A method for treating a sulfur-containing spent caustic

By using a two-stage wet oxidation process and a co-oxidation accelerator, the problems of high energy consumption and high COD caused by high-temperature and high-pressure wet oxidation have been solved, achieving low-energy and high-efficiency treatment of waste alkaline solution and improving the biodegradability and recycling effect of the effluent.

CN117886411BActive Publication Date: 2026-07-03CHINA PETROLEUM & CHEMICAL CORP +1

Patent Information

Authority / Receiving Office
CN · China
Patent Type
Patents(China)
Current Assignee / Owner
CHINA PETROLEUM & CHEMICAL CORP
Filing Date
2022-10-16
Publication Date
2026-07-03
Patent Text Reader

Abstract

The application provides a treatment method of sulfur-containing waste lye, which comprises the following steps: carrying out oil removal treatment on the waste lye, and then carrying out first-stage wet oxidation treatment; controlling reaction conditions to make 10%-90% of S 2‑ in the waste lye be converted into S2O3 2‑ ; adding a co-oxidation promoter into effluent water to carry out catalytic wet oxidation treatment, so as to realize synchronous oxidation of organic matters and S 2‑ , and the co-oxidation promoter is at least one selected from peroxide, persulfate, percarbonate and peroxymonosulfate. The application adopts two-stage wet oxidation, and the temperature of each stage is relatively low. By controlling the conditions of the first-stage wet oxidation, 10%-90% of S 2‑ in the waste lye is converted into S2O3 2‑ , and by adding a co-oxidation promoter into the second-stage wet oxidation, S2O3 2‑ reacts to generate free radicals which can accelerate the wet oxidation, so as to accelerate the degradation of the organic matters, and the purpose of treating waste with waste is realized. The reaction conditions of the two-stage wet oxidation are relatively mild, the energy consumption is reduced, and the COD removal efficiency is greatly improved.
Need to check novelty before this filing date? Find Prior Art

Description

Technical Field

[0001] This invention belongs to the field of wastewater treatment technology, and specifically relates to a method for treating sulfur-containing alkaline wastewater. Background Technology

[0002] Currently, alkaline washing is commonly used to remove acidic gases such as CO2 and H2S from pyrolysis gas. This process generates a large amount of waste alkaline solution. On one hand, this waste alkaline solution contains not only residual NaOH but also inorganic salts such as Na2S and Na2CO3 generated during the washing process. On the other hand, the condensation of heavy components in the pyrolysis gas and the polymerization of dienes and aldehydes during alkaline washing introduce a large amount of organic matter into the waste alkaline solution. This type of waste alkaline solution is characterized by large volume and high pollutant concentration; therefore, its treatment effectiveness directly impacts the pass rate of wastewater treatment in ethylene chemical plants.

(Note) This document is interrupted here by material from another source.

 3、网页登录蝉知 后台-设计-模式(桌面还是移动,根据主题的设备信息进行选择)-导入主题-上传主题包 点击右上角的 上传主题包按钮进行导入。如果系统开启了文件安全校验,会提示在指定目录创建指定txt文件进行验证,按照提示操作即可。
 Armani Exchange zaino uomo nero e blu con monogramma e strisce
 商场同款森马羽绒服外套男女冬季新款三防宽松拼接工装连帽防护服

[0003] The significant advantages of wet oxidation technology are its wide applicability, effective treatment of various high-concentration organic wastewaters, high treatment efficiency, good COD removal, fast oxidation rate, short reaction residence time, and minimal secondary pollution. It also utilizes the system's reaction heat, requiring less energy and allowing for the full recovery and reuse of materials and energy. Currently, sulfur-containing ethylene, propylene, and refinery waste alkaline solutions typically achieve good treatment results using wet oxidation technology.

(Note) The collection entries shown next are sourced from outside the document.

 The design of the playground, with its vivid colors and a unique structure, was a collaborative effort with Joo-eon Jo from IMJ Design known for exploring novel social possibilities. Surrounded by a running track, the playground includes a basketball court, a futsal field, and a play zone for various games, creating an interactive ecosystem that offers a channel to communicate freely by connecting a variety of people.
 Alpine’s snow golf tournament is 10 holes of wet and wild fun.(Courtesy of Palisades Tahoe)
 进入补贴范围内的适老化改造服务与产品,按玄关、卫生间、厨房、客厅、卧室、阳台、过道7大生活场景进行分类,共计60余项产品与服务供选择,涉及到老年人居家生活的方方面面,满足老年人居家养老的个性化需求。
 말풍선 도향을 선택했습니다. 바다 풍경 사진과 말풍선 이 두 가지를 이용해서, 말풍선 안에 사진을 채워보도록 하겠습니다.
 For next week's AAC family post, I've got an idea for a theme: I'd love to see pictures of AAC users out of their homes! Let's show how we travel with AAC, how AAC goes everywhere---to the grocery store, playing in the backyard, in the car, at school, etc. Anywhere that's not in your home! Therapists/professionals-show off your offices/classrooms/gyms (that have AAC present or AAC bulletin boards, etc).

[0004] Patent CN103771457A provides a method for treating waste alkaline solution in propylene production. This method involves controlling the wet oxidation temperature to 150-230℃, the reaction pressure to 1.5-4.0 MPa, and the time to 45-90 minutes. This method can efficiently remove sulfur ions from the waste alkaline solution while simultaneously recovering sodium sulfate and reusing the sodium hydroxide after treatment, achieving zero emissions in the propylene production process. Although primarily targeting the removal of divalent sulfur ions, the COD of the effluent remains high, resulting in poor purity of the recovered sodium sulfate and the effluent being unsuitable for direct biochemical treatment.

[0005] Patent CN106746100A provides a method for treating ethylene refining waste alkaline solution, which removes organic matter, namely divalent sulfur ions, at 240~320℃, 6.0~20MPa, and 40~90min. The process includes steps such as air flotation for oil removal, high-temperature wet oxidation treatment, sulfuric acid treatment, activated carbon adsorption, adjustment of alkali concentration, and evaporation concentration. Although this invention can efficiently remove COD and sulfides from ethylene refining waste alkaline solution and recover sodium sulfate, the wet oxidation treatment requires a temperature above 240℃ and a pressure above 6MPa, which results in high energy consumption and strict requirements on the materials of the equipment.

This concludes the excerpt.